■ What is needed ■
Please take the records that follow and repeat exactly the lines starting with the line with "A roadside shop" and going on through the line with "Avant de quitter".

─── Data to use

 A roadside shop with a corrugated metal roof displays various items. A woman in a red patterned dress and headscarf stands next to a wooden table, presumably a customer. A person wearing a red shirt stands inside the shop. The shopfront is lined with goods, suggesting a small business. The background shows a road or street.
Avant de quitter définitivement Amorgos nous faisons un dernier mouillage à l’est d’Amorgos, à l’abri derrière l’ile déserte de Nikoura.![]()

──────
─── Data to use

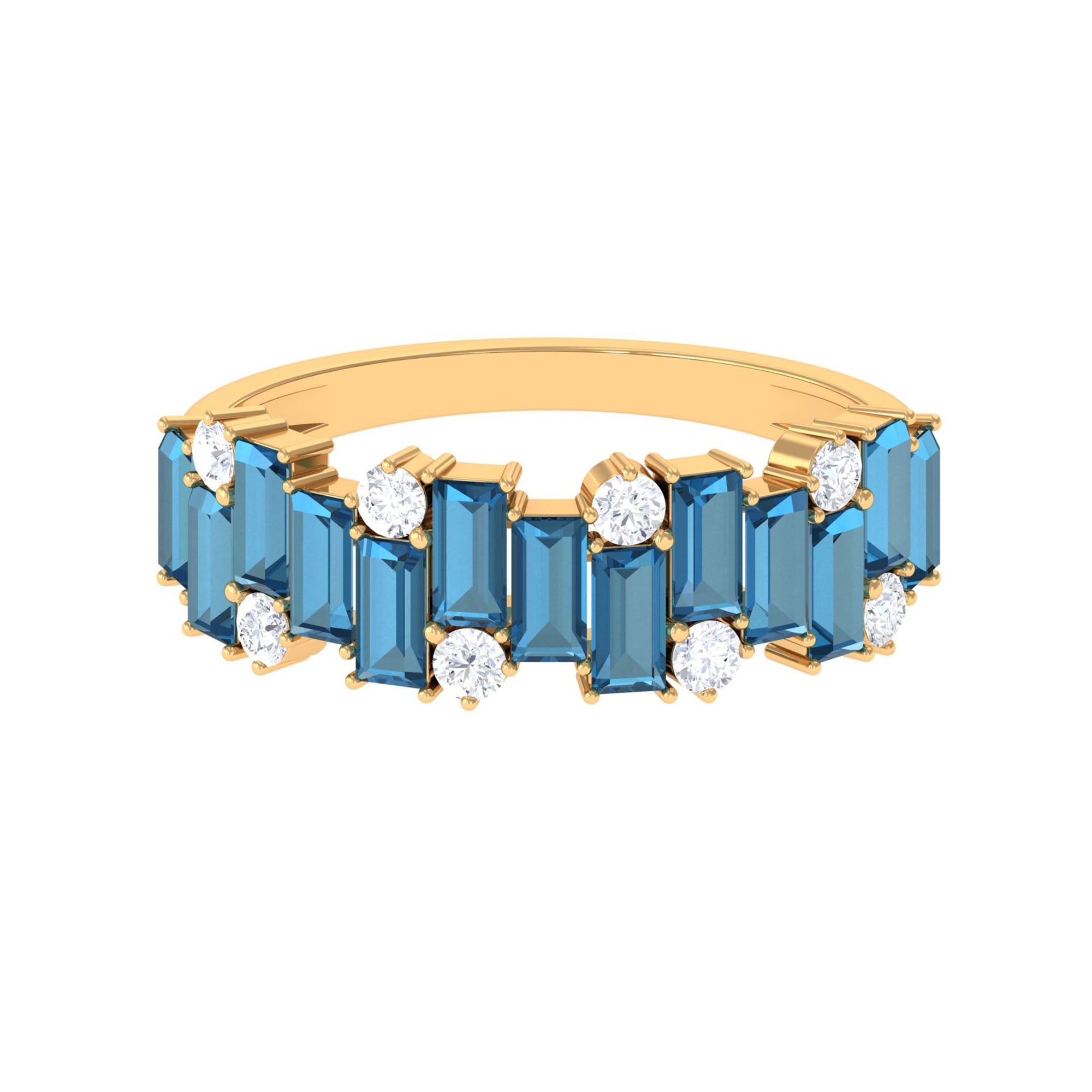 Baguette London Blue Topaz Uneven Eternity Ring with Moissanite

──────

■ Exercise solution ■
 A roadside shop with a corrugated metal roof displays various items. A woman in a red patterned dress and headscarf stands next to a wooden table, presumably a customer. A person wearing a red shirt stands inside the shop. The shopfront is lined with goods, suggesting a small business. The background shows a road or street.
Avant de quitter définitivement Amorgos nous faisons un dernier mouillage à l’est d’Amorgos, à l’abri derrière l’ile déserte de Nikoura.![]()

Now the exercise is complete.